The 2010 edition of the Index of Economic Freedom poses a frightening paradox. Around the world, the economically freest countries are, by and large, those with a British legacy. Indeed, the top five – Hong Kong, Singapore, Australia, New Zealand, and Ireland – were either founded or influenced by the British. Of the top ten states, only Denmark, Switzerland, and Chile were not, at one point, governed from London. The lesson should be clear: economic freedom, born of the thought of Adam Smith and David Ricardo, spread round the world with the English-speaking people, to the immense benefit of both their children and those who learned from them.
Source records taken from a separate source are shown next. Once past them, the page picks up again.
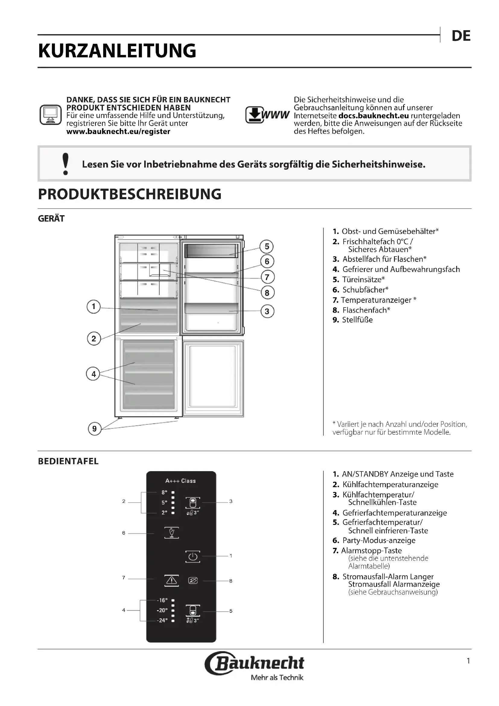 GUIDE D'UTILISATION QUOTIDIENNE Avant d'utiliser l'appareil, lisez attentivement les Consignes de sécurité. MERCI D'AVOIR CHOISI UN PRODUIT BAUKNECHTAn de recevoir un service et un support complet, merci d'enregistrer votre appareil sur www. bauknecht. eu/register WWW Vous pouvez télécharger les Consignes de sécurité et le Guide d'utilisation et d'entretien en visitant notre site Web docs. bauknecht. eu et en suivant les consignes au dos de ce livret. APPAREIL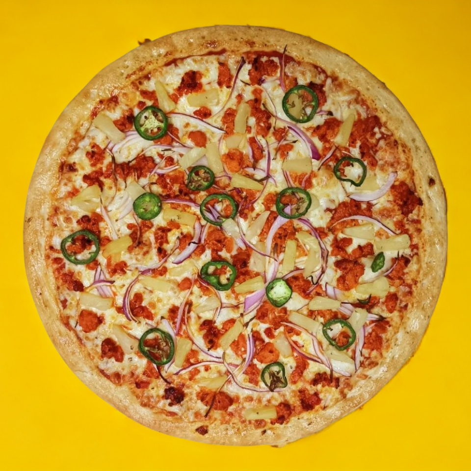 Pizza grande de pastor, con piña, jalapeño y cebolla morada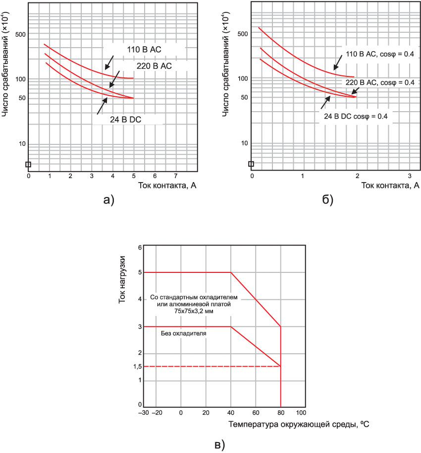 Рис. 3. Зависимость: а) числа срабатываний электромагнитного реле от коммутируемого тока и напряжения для активной нагрузки; б) числа срабатываний электромагнитного реле от коммутируемого тока и напряжения для индуктивной нагрузки; в) коммутируемого тока от температуры для твердотельного реле

And yet the two most important English-speaking countries today are sliding backwards. In 2009, the United States, for the first time, dropped out of the ranks of the free, and into those of the ‘mostly free.’ The United Kingdom dropped only slightly less than the United States, and it fell out of the top ten for the first time. Even more disturbing is the fact that the U.K. has now declined for four consecutive years, and that the level of economic freedom in Britain is now as low as it has been since the Index began to measure it in 1995. Britain’s decline is even more disturbing when compared to its major European competitors, such as Germany, France, and Italy, all of whom increased their scores in 2009.
The reasons for the U.K.’s comparative decline are clear: while some countries did not respond to the 2008-9 financial crisis by limiting economic freedom, others, including Britain, did. The U.K. already had to carry the burden of the National Health Service and the E.U.’s Common Agricultural Policy, which distort its domestic prices and impose higher costs on consumers, as well as a high and increasing level of government spending. Add to that the nationalization of Northern Rock Bank and the majority and minority stakes, respectively, the government has taken in the Royal Bank of Scotland and Lloyds Banking Group, and you have a nation that is moving increasingly rapidly away from economic freedom.
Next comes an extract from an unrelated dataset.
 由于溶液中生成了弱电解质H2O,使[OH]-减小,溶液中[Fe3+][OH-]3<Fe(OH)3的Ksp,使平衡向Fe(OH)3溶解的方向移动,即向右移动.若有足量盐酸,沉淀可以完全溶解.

There is little likelihood that the U.K. will reverse this retreat in the next edition of the Index. The 2010 Index reports that government spending as a share of national income in the most recent year was 44%. But the OECD reports that public spending will reach 53% of national income in 2010. That by itself will hurt the U.K.’s score next year, just as the jump in public spending that began under President George W. Bush and accelerated under President Obama will drag the U.S.’s ranking down.
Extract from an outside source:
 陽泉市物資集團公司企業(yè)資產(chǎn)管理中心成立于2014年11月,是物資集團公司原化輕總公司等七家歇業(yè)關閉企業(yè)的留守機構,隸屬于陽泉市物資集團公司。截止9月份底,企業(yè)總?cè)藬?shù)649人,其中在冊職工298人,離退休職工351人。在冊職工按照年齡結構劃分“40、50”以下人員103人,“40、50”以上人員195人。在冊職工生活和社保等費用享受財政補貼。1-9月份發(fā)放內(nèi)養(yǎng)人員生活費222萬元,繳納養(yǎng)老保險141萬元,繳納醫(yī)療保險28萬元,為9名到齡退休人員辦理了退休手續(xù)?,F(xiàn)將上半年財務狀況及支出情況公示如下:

Of course, in the end, the ranking’s not the thing: it’s the policies that the ranking reflects, and their results, that matter. And with both Britain and the U.S. moving for the first time into the ranks of the ‘mostly free,’ they can, if they keep on their current road, look forward to a future that has more debt and less prosperity, and where politics revolves around how to share the pie, not how to grow it. Nothing could be less in keeping with the lessons the world’s leaders in economic freedom learned from Britain, lessons that both Britain and the United States badly need to relearn before they fall even further behind.